Alleles that confer a strong insensitivity to day length (e.g., an allele of the D-genome copy of PPD1, PPD-D1a, with a deletion in the promoter region) are associated with rapid flowering in all day-length conditions (Diaz et al. 2012; Wilhelm et al. 2009). Other studies (Bentley et al. 2011, 2013) describe the importance of the PPD-A1 and PPD-B1 loci. It is likely that these differences are driven by allele-specific effects (e.g., the nature of discrete mutations in the PPD1 gene) rather than simply due to a particular genome. It is worth noting that long days will accelerate flowering to some extent, even in wheats with the alleles of PPD1 that confer strong day-length insensitivity, suggesting that additional genes or pathways can contribute to the long-day flowering response of wheat (Bloomfield et al. 2018). Similarly, flowering of “day-length insensitive” wheats can be further accelerated by elevated ambient temperatures (Hemming et al. 2012).

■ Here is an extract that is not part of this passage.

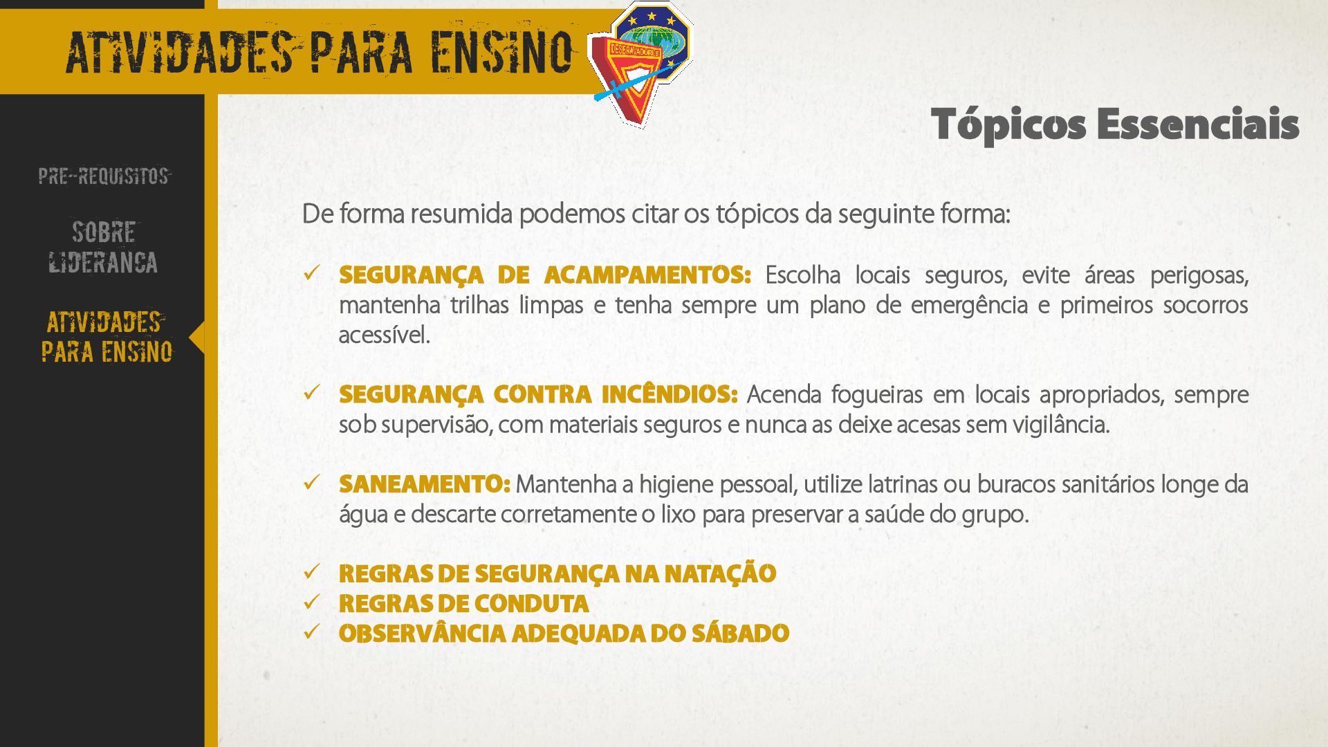 da seguinte forma: ✓ SEGURANÇA DE ACAMPAMENTOS: Escolha locais seguros, evite áreas perigosas, mantenha trilhas limpas e tenha sempre um plano de emergência e primeiros socorros acessível. ✓ SEGURANÇA CONTRA INCÊNDIOS: Acenda fogueiras em locais apropriados, sempre sob supervisão, com materiais seguros e nunca as deixe acesas sem vigilância. ✓ SANEAMENTO: Mantenha a higiene pessoal, utilize latrinas ou buracos sanitários longe da água e descarte corretamente o lixo para preservar a saúde do grupo. ✓ REGRAS DE SEGURANÇA NA NATAÇÃO ✓ REGRAS DE CONDUTA ✓ OBSERVÂNCIA ADEQUADA DO SÁBADO Tópicos Essenciais PRE-REQUISITOS SOBRE LIDERANCA ATIVIDADES PARA ENSINO

Alleles of PPD1 that are associated with reduced day-length sensitivity are also associated with an increased rate of spikelet development and decreased spike fertility (Prieto et al. 2018). A recent study attributed a shorter duration of pre-anthesis stem elongation and decreased number of fertile florets to PPD-D1a, highlighting the scope for increased yield potential by selection for photoperiod-sensitive alleles (Perez-Gianmarco et al. 2019). Conversely, it may be beneficial to select for insensitivity in some environments as PPD-D1a has been shown to increase the duration of flowering (across all tillers of a plant, not within a single spike) (Jones et al. 2017). This ability of the plant to spread flowering of tillers could be beneficial to minimise the impact of a brief stress event, such as frost or heat, because not all spikes on the plant will be at a stage most sensitive to damage (Lukac et al. 2012).

Genes at other loci are also part of the photoperiodic flowering pathway. Zhang et al. (2016) reported a TaPPD1 paralogue, TaPRR73, located on chromosome 4A, was highly expressed in early-flowering wheats and contributed to plant height. A locus on chromosome 7B, TaPPD-B2, was associated with early flowering in long days, and linked to high protein content of grain (Khlestkina et al. 2009).

Circadian clock

The importance of PPD1, a PRR gene, in determining photoperiod sensitivity of wheat, highlights the fundamental role of the circadian clock in coordination of the day-length response (Mizuno and Nakamichi 2005). The circadian clock is the intrinsic mechanism used by plants to synchronise internal biological processes with the daily fluctuating environment that is cycles of light and temperature between day and night (Ford et al. 2016). Aside from a key role in day-length perception, the circadian clock also regulates other important biological processes, such as photosynthesis, metabolism and the response to biotic and abiotic stress, to maintain synchrony between internal processes and daily changes in the external growing environment.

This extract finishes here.